New AI allows legged-robots to rapidly adapt to real world environments

Researchers from Carnegie Mellon University, the University of California, Berkeley, and Facebook AI have taught a four-legged robot to adapt to different conditions while walking – in real-time. The robot was able to walk over rocks, mud, sand, stairs, slippery surface, through a construction site, and around outdoor terrain.

A major obstacle to deploying legged robots – whether with two, four, or even more legs – is figuring out how the robot will respond to changing conditions. Humans can adapt to different conditions and adjust to carrying a heavy backpack or limp along with an injured ankle.

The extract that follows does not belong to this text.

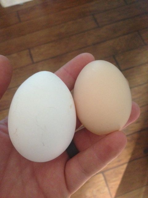 I have 7 chickens. 1 hen and 6 pullets. My hen has been laying all summer long. Some of the pullets just started joining her this week. On Monday I had 3 eggs in my nesting boxes. 2 large brown eggs and one smaller white egg. I have 2 White Leghorn pullets so I figure the small white egg came from one of them. My hen is a Buff Orpington and one of the large brown eggs could have came from her, but the other would have had to come from my RIR's or BSL's. Yesterday upon first inspection I only had 1 large brown egg, but it had a small streak of blood on the shell. About an hour later I checked again and there was a small, almost translucent egg with a rubbery shell.

But, legged robots cannot adjust so quickly.

Seeking to change that, the research team has developed a Rapid Motor Adaptation (RMA) algorithm that helps four-legged robots adjust in real-time to unseen scenarios such as changing terrains, changing payloads, wear and tear.

RMA consists of two components: a base policy and an adaptation module. The combination of these components enables the robot to adapt to novel situations in fractions of a second.

The team tested RMA by deploying it on the Unitree A1 robot without any fine-tuning. The algorithm does not rely on any hand-coded motions and allows the robot to learn how to adapt quickly through trial and error and interact with the surroundings. The robot learns from how its body reacts on different surfaces, just the way humans do.

The focus is not walking. It is learning,” said Pathak, an assistant professor in the Robotics Institute at CMU. “By falling thousands of times or millions of times in simulation, it learns to walk from scratch and adapts to the ever-changing real world. Since the algorithm’s focus is learning, it is applicable to any kind of robot, not just this one.

Testing showed that the RMA-enabled robot outperformed competing systems when walking over varied surfaces, slopes, and obstacles and when carrying different payloads.

If you pick up a backpack, you adjust your motion without knowing the exact weight. If the terrain beneath your feet changes, you adjust your balance to compensate. RMA does this by adapting the robot joints in real-time,” said Ashish Kumar, a Ph.D. student at Berkeley.